Silence Therapeutics is at a pivotal juncture, strategically refining its focus to maximize the potential of its mRNAi GOLD platform. The company's disciplined approach to pipeline development, prioritizing high-impact rare disease programs like Divesiran for PV, while seeking a strategic partner for the large-market Zerlasiran, underscores a commitment to capital efficiency and shareholder value. The proven efficacy and durability of its siRNA technology, coupled with a significantly extended cash runway into 2028, provide a solid foundation for future growth.

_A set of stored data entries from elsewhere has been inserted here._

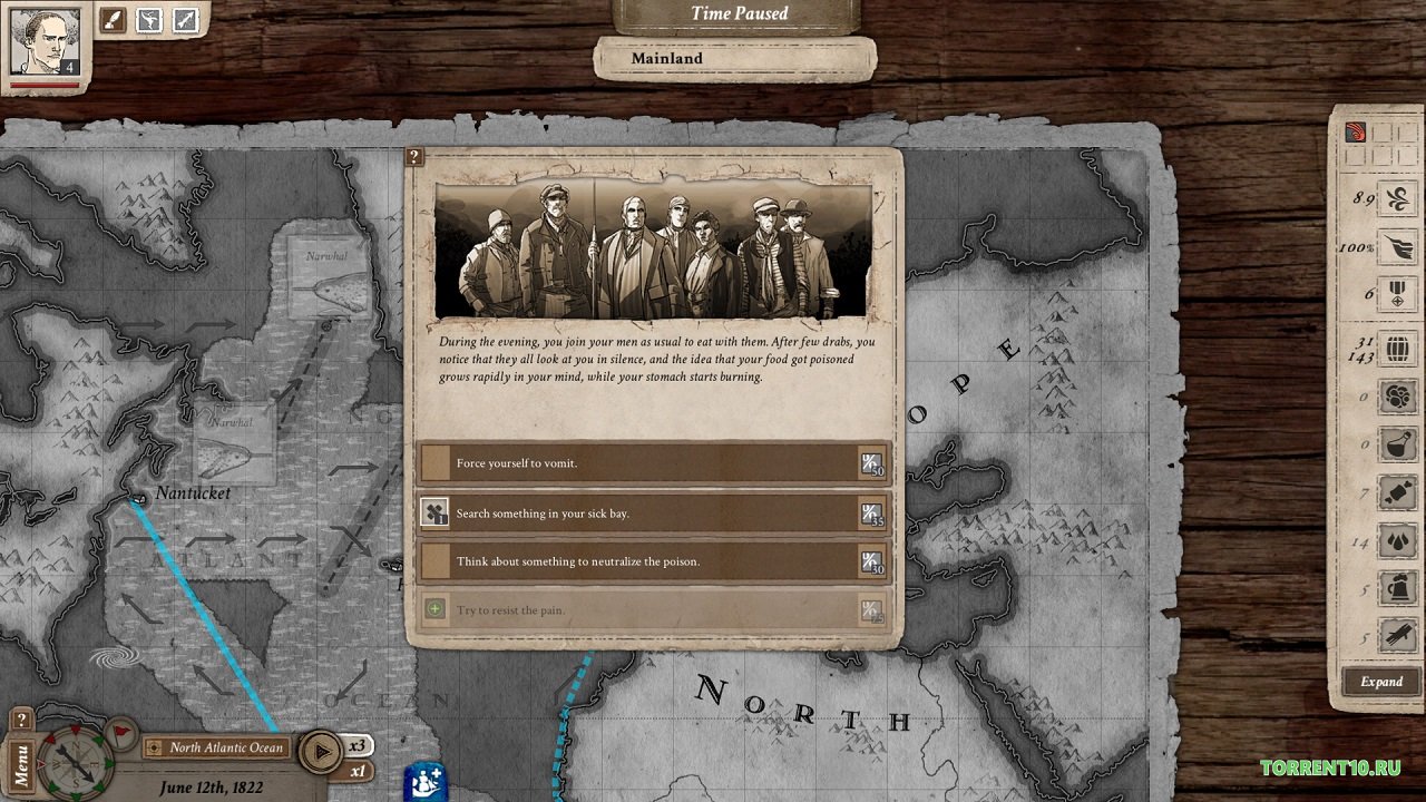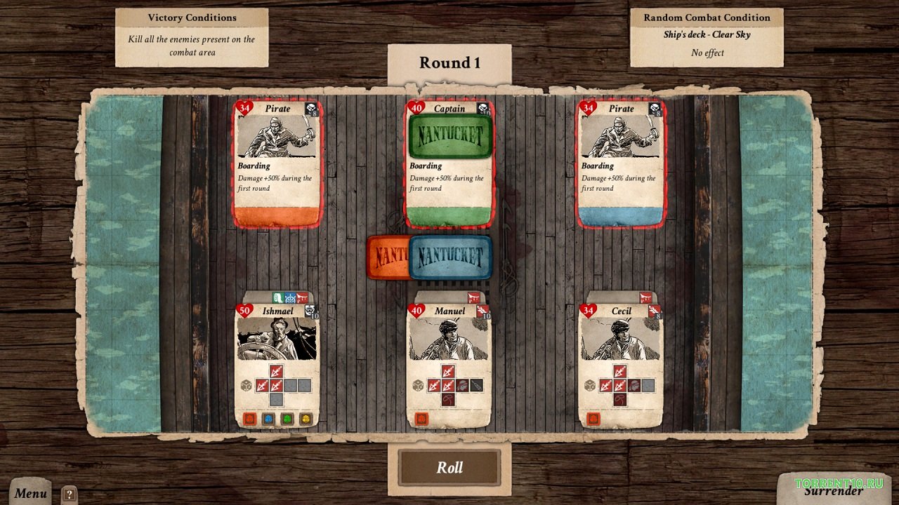 - Откройте как можно больше мест для охоты, преследуя китов из-за их ценного жира, но при этом не забывайте защищать свой корабль от пиратов при помощи специальной системы боя по очереди.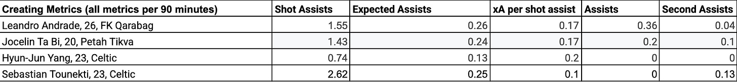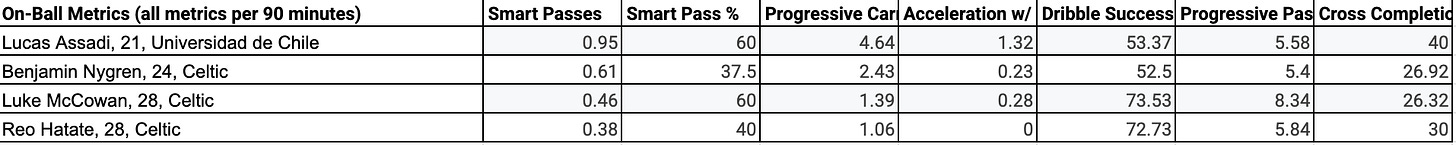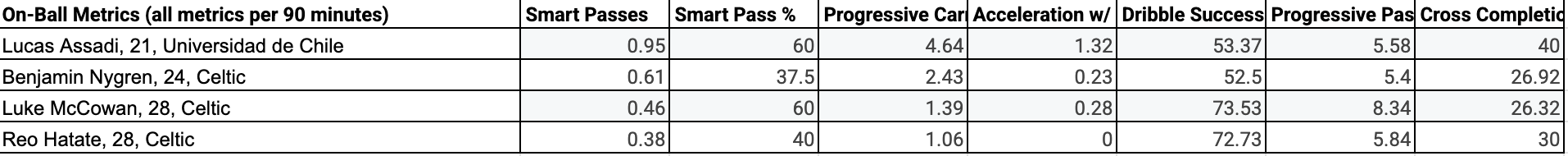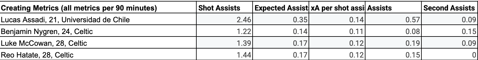 As seen in the scatter plot, Lucas Assadi is the 2nd-best creator in the data set, though quite a distance behind Aral Simsir. As Assadi is with his finishing, Andrade is slightly above the median line in creating. To further contextualize the players’ creative ability, I’ve compared them to current Celtic players of the same position.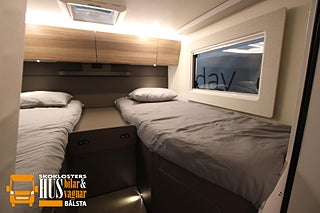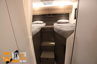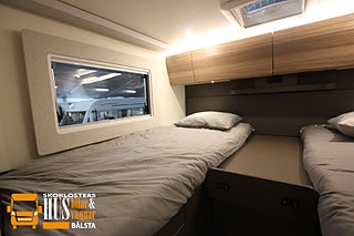 Denna bil får köras med vanligt B-körkort. Mycket populär planlösning med långbäddar bak och taksäng fram - en modell som passar väl för 4 personer. OBS pristillägg för taksäng: 18.490 kr (Totalpris inkl taksäng: 1.018.390 kr). Denna bil är även möjlig att få utan taksäng - kontakta oss för mer info.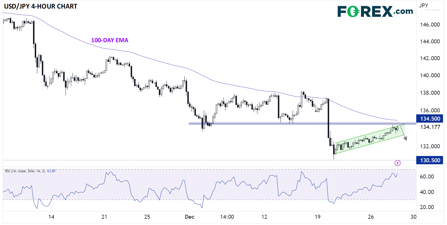 在最初宣布之后,日元兑所有主要货币都不出意料地飙升,但自那之后,该货币在寡淡、低流动性的假期交易期间逐渐回吐了部分涨幅。正如下面的4小时美元/日元图表所示,该货币对正在接近之前从支撑位转化而来的阻力位134.50区域,以及 100日均线,自11月初以来,该均线一直压制着该货币对的反弹: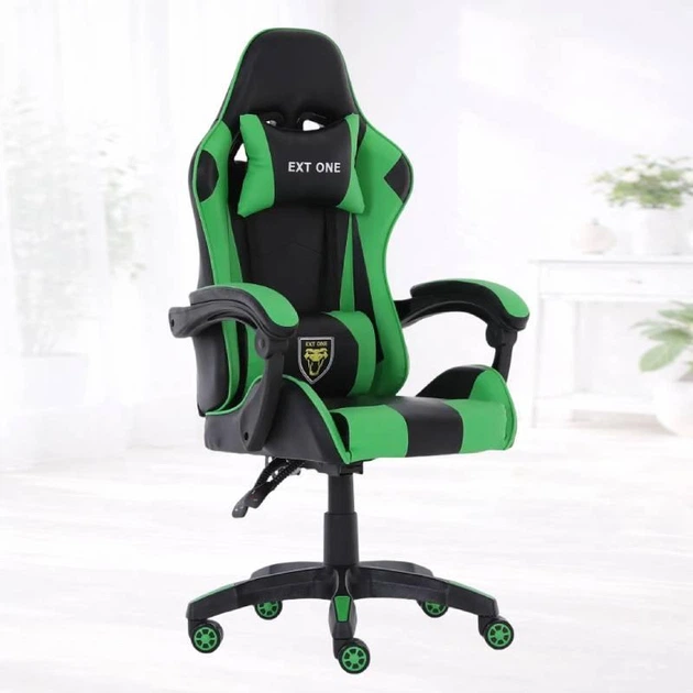Ігрове крісло Madrex EXT ONE чорно-зелене з регульованою спинкою та еко-шкірою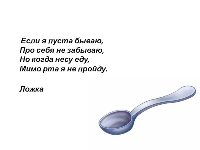 Если я пуста бываю, Про себя не забываю, Но когда несу еду, Мимо рта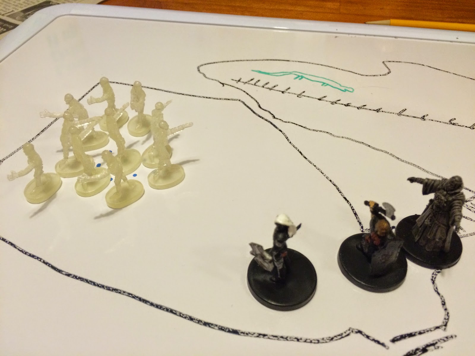 The prone figs on the right are bodies the PCs stacked to keep enemies out! |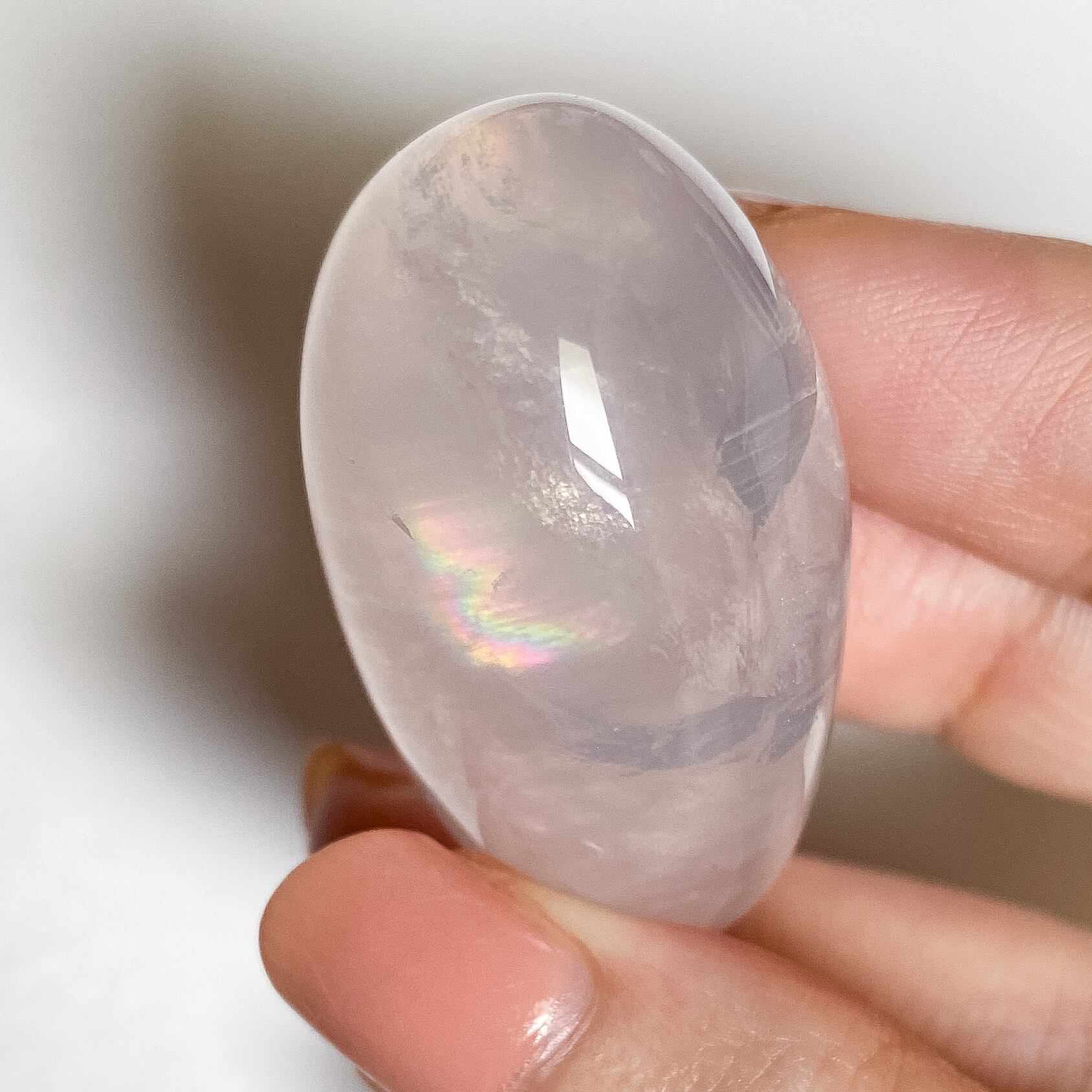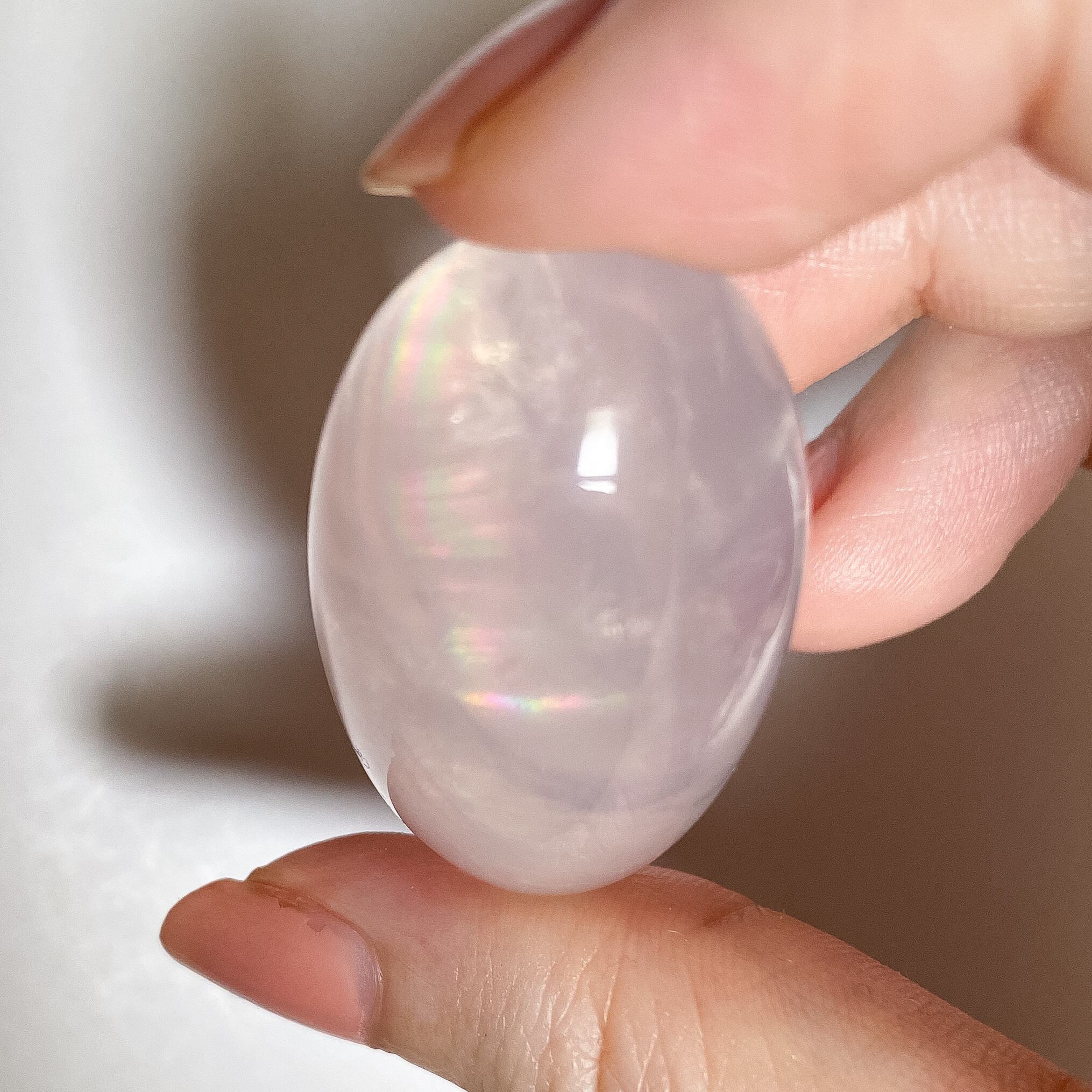 高品質のモザンビーク産スターローズクォーツを使用したタンブルです。研磨、形共に良く表面に目立つ傷もありません。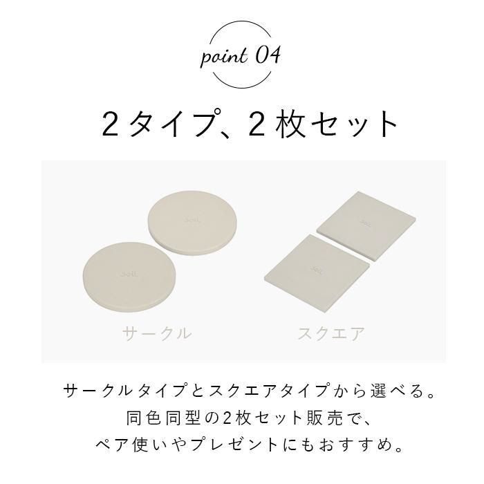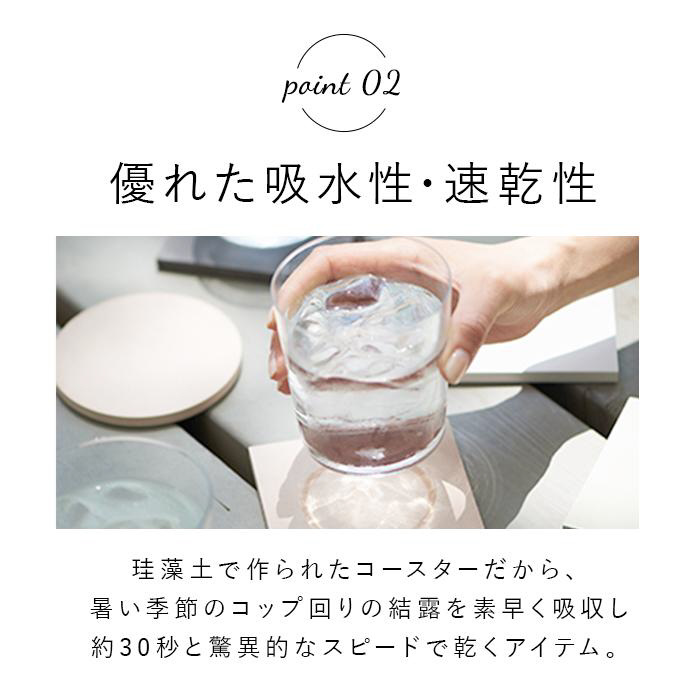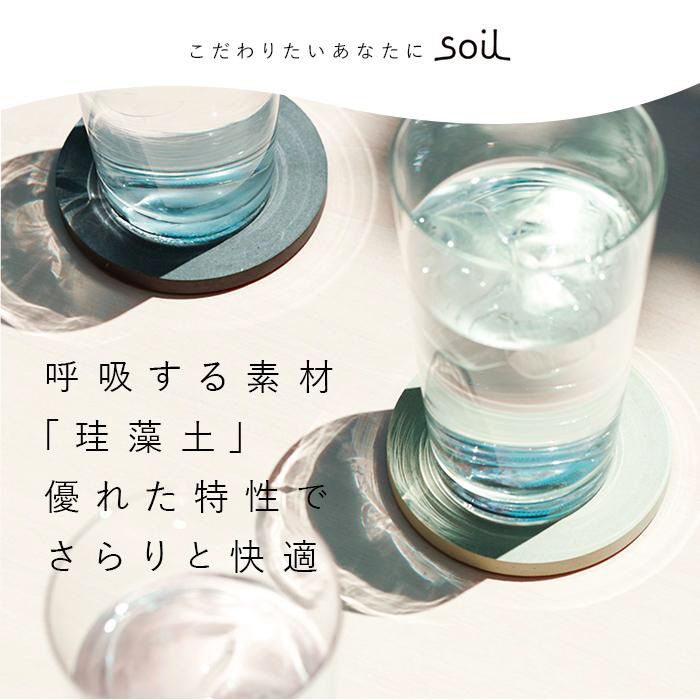■優れた吸水性で、冷たいグラスの表面についた水滴を吸い取り、テーブルを濡らさない、soil(ソイル)コースターサークル&スクエア。

While the path forward involves navigating a complex competitive landscape and evolving regulatory environment, Silence's technological leadership in precision gene silencing and its strategic flexibility position it to unlock substantial value. Investors should closely monitor the progress of Divesiran's Phase 2 enrollment, the outcome of Zerlasiran partnering discussions, and the advancement of its extra-hepatic pipeline as key indicators of the company's ability to translate its innovative science into commercial success and sustained financial performance.